02 Março 2024
"Espero que o Sínodo não apague nenhum dos “problemas sensíveis” que surgiram até agora, mas tenha uma palavra franca, não ambígua, mas clara, correspondente ao evangélico “Sim, sim. Não, não" (Mt 5,37), sem a preocupação de ter que agradar o mundo e sem a ansiedade de condenar e usar palavras arrogantes", escreve o monge e teólogo italiano Enzo Bianchi, prior e fundador da Comunidade de Bose, em artigo publicado por Vita Pastorale, março de 2024. A tradução é de Luisa Rabolini.
O Sínodo dos Bispos, como caminho empreendido em conjunto pelo povo de Deus, vive uma pausa entre a sessão de outubro passado e aquela que deverá ser a última, prevista para outubro próximo.

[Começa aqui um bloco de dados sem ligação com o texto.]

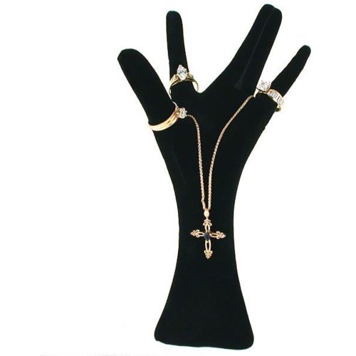 -. Binding : Kitchen -. Brand : FindingKing -. Color : Black -. Feature : This is a new black flocked polystyrene hand display / Hang necklaces or bracelets off of this hand display and immediately draw your customers attention to them / This is great to display jewelry at a show on in your store / It measures approximately 5 3/4" x 8" (145 x 203 mm) -. Model : TH-235FBK -. MPN : 65619156 -. PartNumber : 65619156 -. ProductGroup : Home -. ProductTypeName : HOME -. Title : Black Open Palm Ring Hand Display Jewelry Stand 8"

É claro que o tempo que nos separa desse compromisso não pode ser uma pausa ociosa, de férias, mas deve ser um tempo de aprofundamento, de discussão e de pesquisa principalmente por parte dos teólogos, por parte das Igrejas locais e, portanto, também dos bispos juntamente com o Papa Francisco, bispo de Roma.
Christoph Theobald, jesuíta e teólogo francês de nacionalidade alemã, hoje um dos mais respeitados da Igreja, publicou uma reflexão sobre o Sínodo do qual participou como especialista, com um título que apresenta o Sínodo em curso como um Concílio, embora não ouse denominá-lo assim (Un nouveau Concile qui ne dit pas son nom?, Paris 2023).
Ele sugere que, de fato, esse Sínodo assumiu uma forma mais conciliar do que os anteriores e é uma "continuação" do Concílio Vaticano II.
Ora, se é verdade que o Espírito Santo que sopra na assembleia sinodal parece ser o mesmo do Concílio, se é verdade que está em ato um discernimento coletivo, creio que seja prematuro julgar esse Sínodo, inteiramente novo na forma, realmente em continuidade com o Vaticano II. Existem de fato, infelizmente, algumas aporias e contradições que tornam precária a conclusão em vista de uma reforma da Igreja e da mensagem missionário para um mundo indiferente e não mais cristão.
Desse Sínodo surgiu novamente a urgência de uma “conversão eclesial” (não basta a “conversão pastoral” que ninguém sabe definir!), que seja reforma da Cúria não tanto em termos de estrutura, mas de sensibilidade e coerência com a Igreja de hoje; uma reforma da vida dos bispos e dos sacerdotes que não deixe espaço ao clericalismo; uma reforma da vida dos leigos que saibam encarnar a diferença cristã resistindo ao mundanismo e vivendo pela fé em Jesus Cristo!
E por isso é necessário também que as Igrejas locais, e dentro delas cada uma das comunidades, se envolvam mais concretamente com o Sínodo como processo eclesial. Estou realmente preocupado com o que ouvi, falando com paróquias por toda parte na Itália: a maioria das pessoas e dos fiéis não sabe o que é o Sínodo. E, de qualquer forma, nada foi dito nem feito sobre isso na paróquia. Como isso é possível? Por que os presbíteros não acreditam em Sínodo, por que não se envolvem nesse percurso eclesial?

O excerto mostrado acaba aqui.